University of Hertfordshire Adaptive Systems Research Group Seminar
28 March 2001, Wednesday, 2 pm - 3 pm+ in Seminar Room 1F259
We examine the notions of meaning and information for animals or agents engaged in interaction games, and the organisation of communicative abilities in populations sharing an environment. Concepts from cognitive ethology, linguistics, semiotics, and evolution are surveyed. Innateness, individual learning, and social aspects (social learning and cultural transmission) in the evolution of communication are reviewed with particular attention to what classes of linguistic abilities have been and have not been demonstrated, including self-organisation of vocabularies, categorisation, deixis, predication, negation, compositional structure, and recursive syntax (-- these concepts will be introduced and illustrated in the talk).

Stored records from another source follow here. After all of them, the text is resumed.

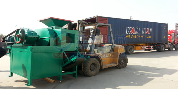 炭粉壓球機發(fā)往印度裝車現(xiàn)場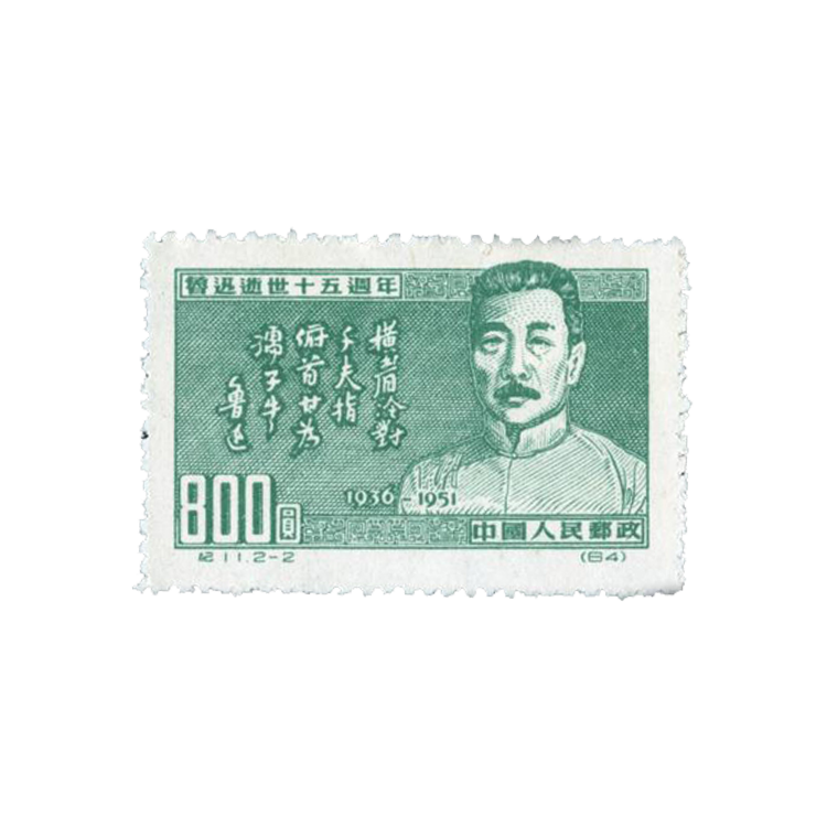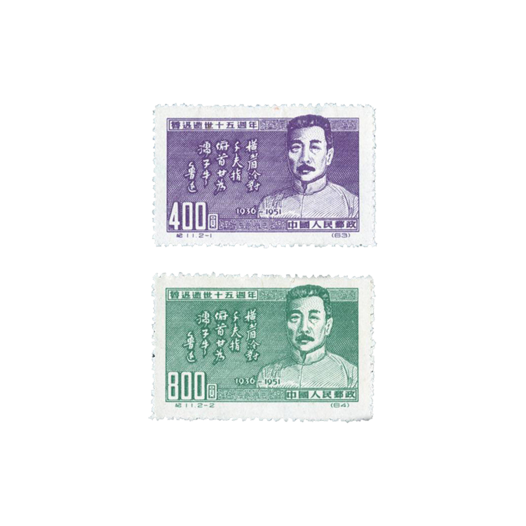 1936年10月19日,鲁迅因肺病,在上海与世长辞,享年56岁。巨星陨落一十五载。为了纪念他,邮电部发行了这套《鲁迅逝世十五周年》纪念邮票。全套2枚,画面相同,均为鲁迅半身画像及诗句:“横眉冷对千夫指,俯首甘为孺子牛。”这两句话,源自1932年10月12日鲁迅写给著名爱国人士柳亚子先生的一首小诗,题为《自嘲》,全文:“运交华盖欲何求,未敢翻身已碰头。破帽遮颜过闹市,漏船载酒泛中流。横眉冷对千夫指,俯首甘为孺子牛。躲进小楼成一统,管他冬夏与春秋。”这首诗写在中国最为黑暗的年代,面对外部日本帝国主义的疯狂侵略和内部国民党反动派残酷压迫及文化“围剿”,鲁迅以幽然的笔调和自嘲的口吻,描述了自己深受迫害的险恶处境,抒发了顽强的斗志和乐观的豪情。这套邮票于1955年1月10日再版。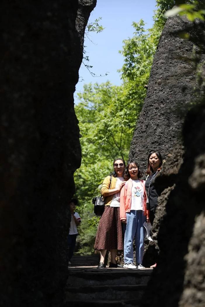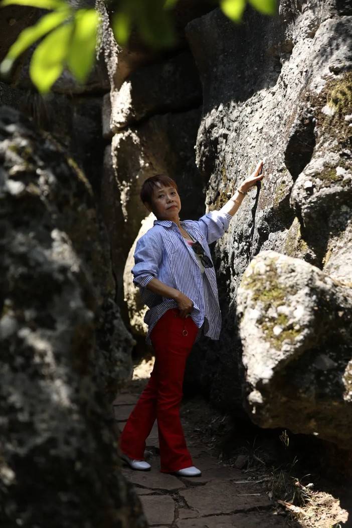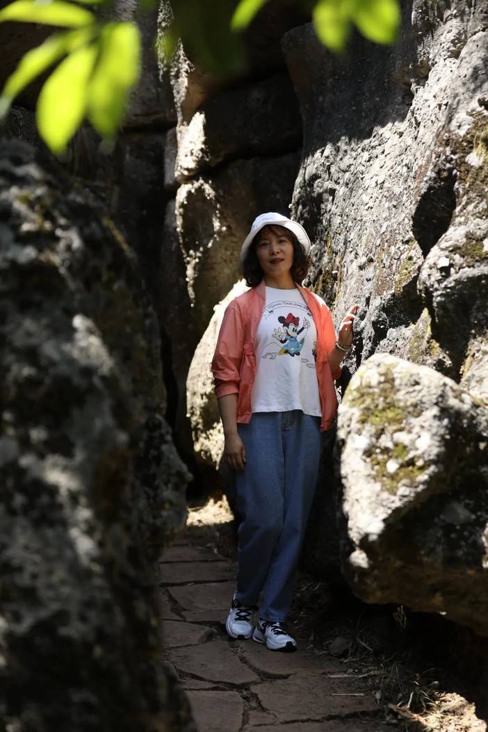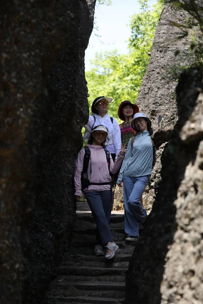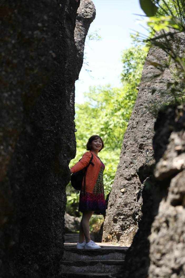 蓝天和青山岩石的适配度毋庸置疑是很高的,燥热的温度被坚硬的岩壁消解,狭长的甬道将身躯完全包裹,光影错落中的舒适,让人回味。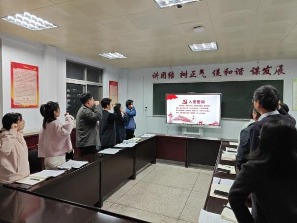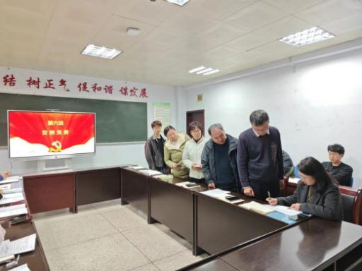 在重温入党誓词环节,由吴萍领誓,全体党员面向党旗庄严宣誓,铿锵有力的誓言再次坚定了大家的理想信念与初心使命。宣誓结束后,与会党员现场交纳当月党费,切实履行党员基本义务,进一步强化了组织观念。此外,活动还设置特色环节,开展教学能力大赛校赛参赛作品交流分享与观摩指导,以赛促教、以赛促改,为学院教学改革积蓄力量、夯实基础。

Studies on animals and agents showing degrees of communication are reviewed and analysed with an eye to describing what aspects of communication have actually been demonstrated or, -- in the case of many simulation studies --- tacitly built-in to the system at the outset. For example, predication and syntactic constituent structure have never been shown to emerge in robotic or software studies (without bringing them in tacitly with the tools of computer science).

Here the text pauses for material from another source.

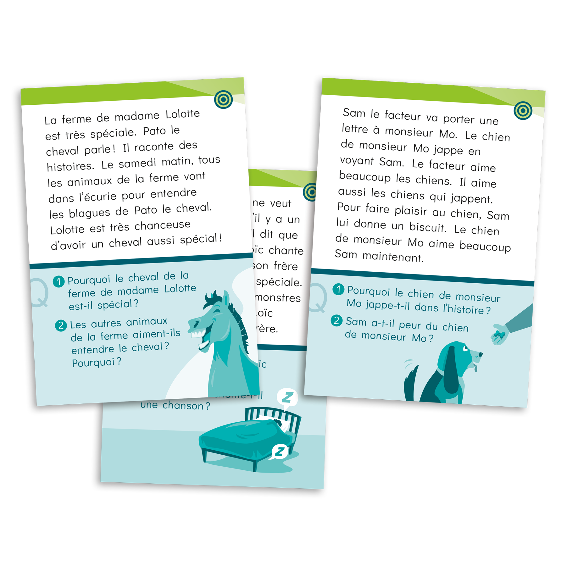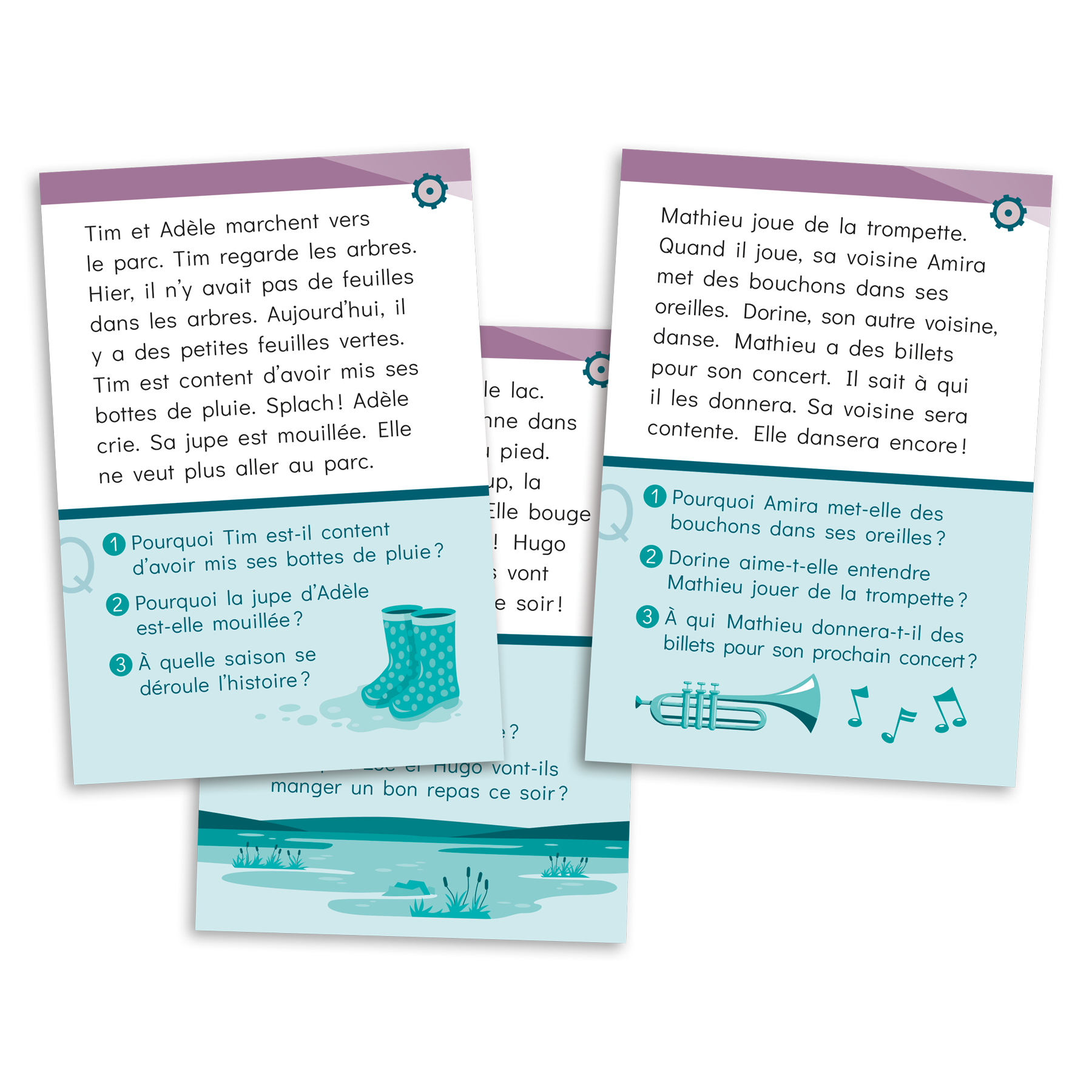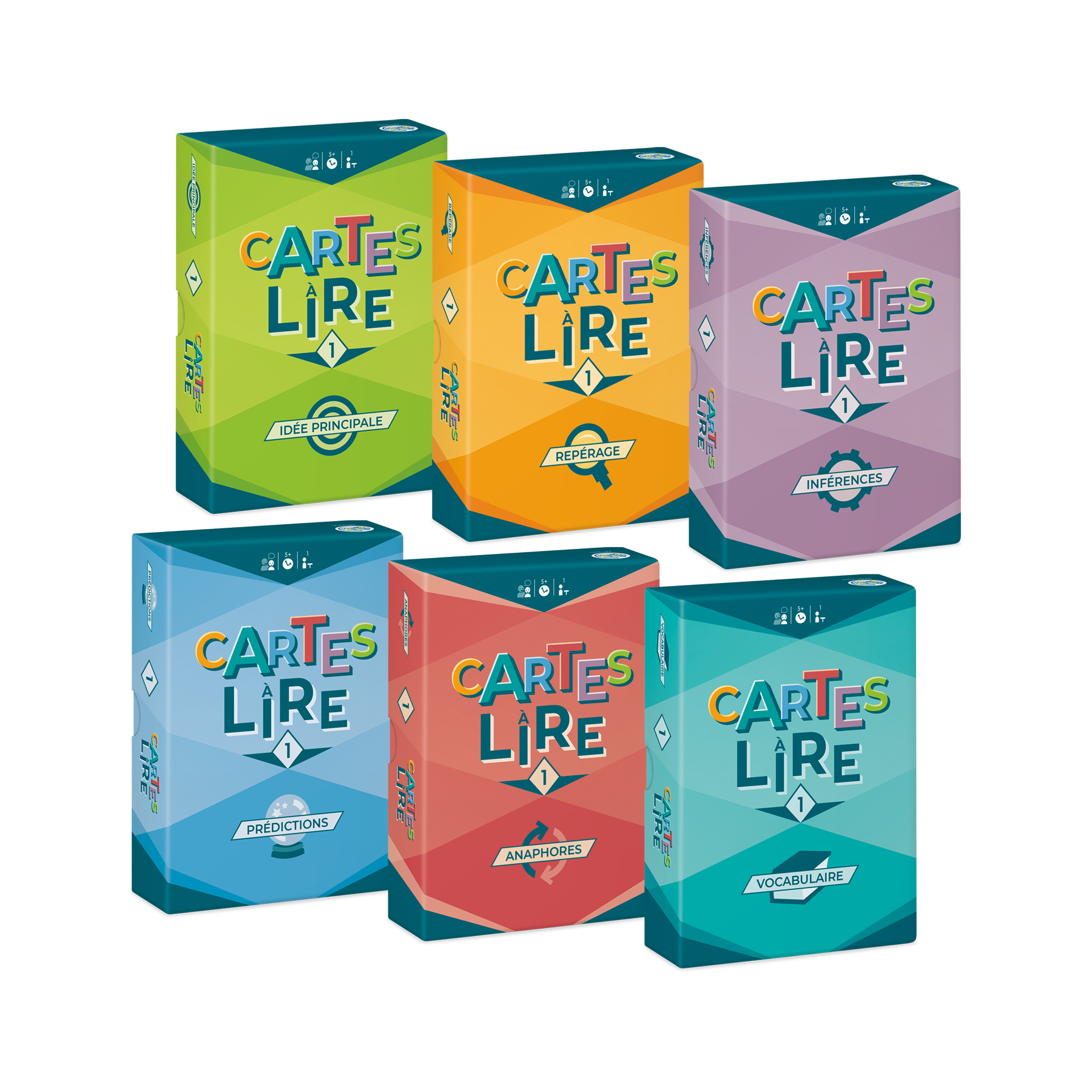 Ensemble de six paquets Cartes à lire - 1re année proposant des textes présentés sous forme de cartes de lecture. Chaque paquet cible une habileté ou une stratégie de lecture spécifique par l’entremise de 48 courts textes ludiques accompagnés de questions de compréhension. Les textes peuvent faire l’objet d’une lecture individuelle ou interactive avec l’intervenant. L’élève peut répondre aux questions oralement ou par écrit. Les réponses se trouvent au verso de chaque carte-texte.

We also argue that stochastic effects of finite sampling and variational noise are the main mechanisms behind many claims for `self-organisation' and `diversity' of communication in simulation studies.

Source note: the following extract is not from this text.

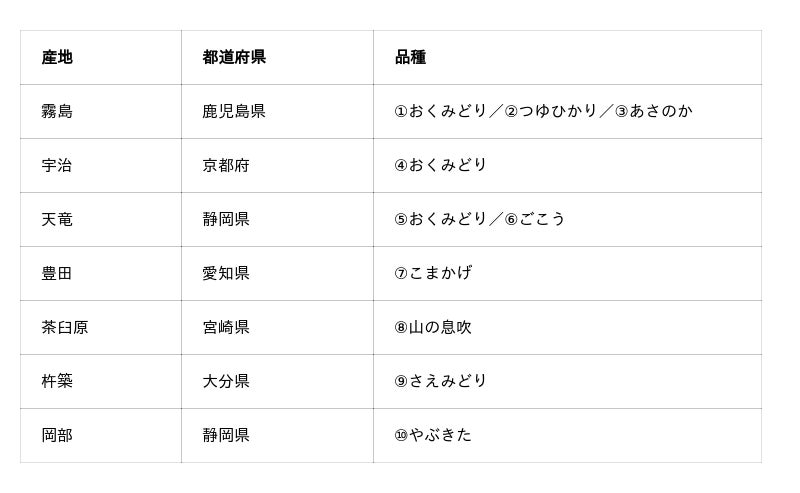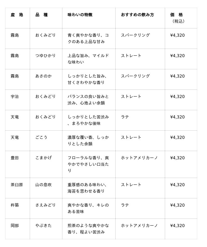 これまで7種類で展開していたシングルオリジンに、「茶臼原 山の息吹(宮崎県)」「杵築 さえみどり(大分県)」「岡部 やぶきた(静岡県)」の3種を追加し、全10種類になりました。産地や品種の違いを、これまで以上に明確にお楽しみいただけます。

Current work at the University of Hertfordshire by the speaker, J. Baillie, K. Dautenhahn, and research students addresses how some linguistic abilities can arise in populations of interacting agents. This seminar is intended to serve as a tutorial for new researchers in the field.
Reference:
C. L. Nehaniv, "The Making of Meaning in Societies: Semiotic &
Information-Theoretic Background to the Evolution of
Communication", Proc. AISB Symposium: Starting from Society - the
application of social analogies to computational systems, 19-20
April 2000, Society for the Study of Artificial Intelligence and
Adaptive Behaviour, pp. 73-84, 2000.